For the listing below, the answer is an exact retyping of the lines from the one with "Banknote France 5" through the one with "new condition, retail", both included, without pictures.

Extracted information –
- - - - - - -
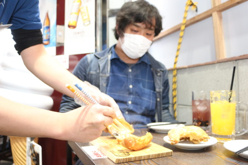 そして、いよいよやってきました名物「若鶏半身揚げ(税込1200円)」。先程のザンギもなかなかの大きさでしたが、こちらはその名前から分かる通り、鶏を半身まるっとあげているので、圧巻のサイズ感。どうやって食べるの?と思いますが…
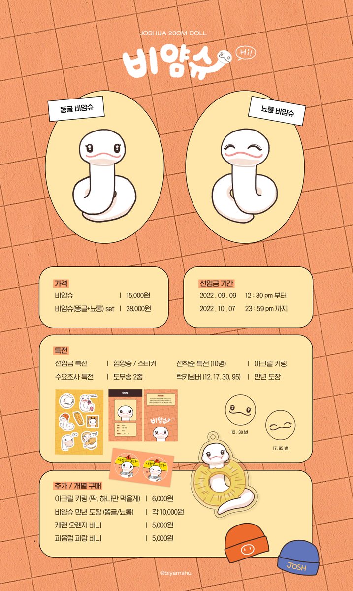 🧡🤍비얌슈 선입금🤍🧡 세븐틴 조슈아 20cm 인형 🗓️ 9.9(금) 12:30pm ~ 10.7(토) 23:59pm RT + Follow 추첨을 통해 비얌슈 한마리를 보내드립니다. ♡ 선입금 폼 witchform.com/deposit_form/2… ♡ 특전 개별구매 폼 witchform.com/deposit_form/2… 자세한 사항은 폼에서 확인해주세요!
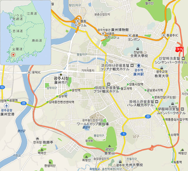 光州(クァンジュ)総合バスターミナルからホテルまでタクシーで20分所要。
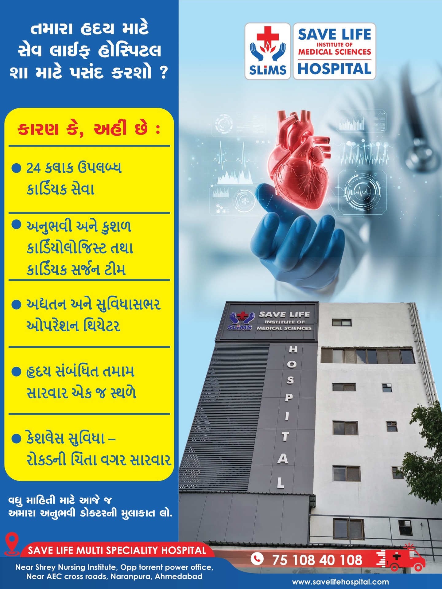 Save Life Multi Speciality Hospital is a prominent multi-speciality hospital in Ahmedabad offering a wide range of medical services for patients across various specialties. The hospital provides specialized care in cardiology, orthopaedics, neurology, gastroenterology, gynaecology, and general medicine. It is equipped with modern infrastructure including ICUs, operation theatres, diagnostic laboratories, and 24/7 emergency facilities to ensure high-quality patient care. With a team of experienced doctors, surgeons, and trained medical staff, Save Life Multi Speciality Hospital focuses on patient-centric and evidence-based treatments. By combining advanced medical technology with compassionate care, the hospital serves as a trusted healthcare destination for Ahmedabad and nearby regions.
- - - - - - -
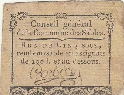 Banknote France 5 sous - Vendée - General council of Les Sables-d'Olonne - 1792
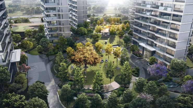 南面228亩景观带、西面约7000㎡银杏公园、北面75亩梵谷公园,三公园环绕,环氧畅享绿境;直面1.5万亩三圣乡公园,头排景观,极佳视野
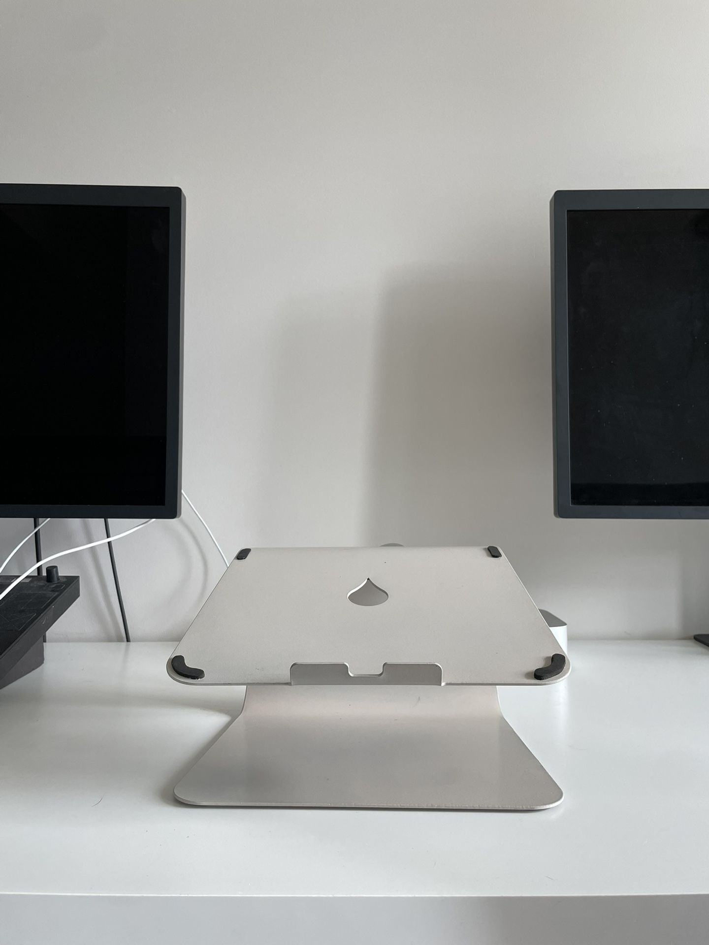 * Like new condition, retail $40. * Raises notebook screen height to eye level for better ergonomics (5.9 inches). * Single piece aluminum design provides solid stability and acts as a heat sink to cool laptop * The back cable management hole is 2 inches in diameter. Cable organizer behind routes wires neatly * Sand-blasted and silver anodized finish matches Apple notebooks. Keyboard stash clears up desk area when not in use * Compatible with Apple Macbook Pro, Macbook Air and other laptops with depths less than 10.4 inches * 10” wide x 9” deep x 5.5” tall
- - - - - - -
Output of the exercise –
 Banknote France 5 sous - Vendée - General council of Les Sables-d'Olonne - 1792
 南面228亩景观带、西面约7000㎡银杏公园、北面75亩梵谷公园,三公园环绕,环氧畅享绿境;直面1.5万亩三圣乡公园,头排景观,极佳视野
 * Like new condition, retail $40. * Raises notebook screen height to eye level for better ergonomics (5.9 inches). * Single piece aluminum design provides solid stability and acts as a heat sink to cool laptop * The back cable management hole is 2 inches in diameter. Cable organizer behind routes wires neatly * Sand-blasted and silver anodized finish matches Apple notebooks. Keyboard stash clears up desk area when not in use * Compatible with Apple Macbook Pro, Macbook Air and other laptops with depths less than 10.4 inches * 10” wide x 9” deep x 5.5” tall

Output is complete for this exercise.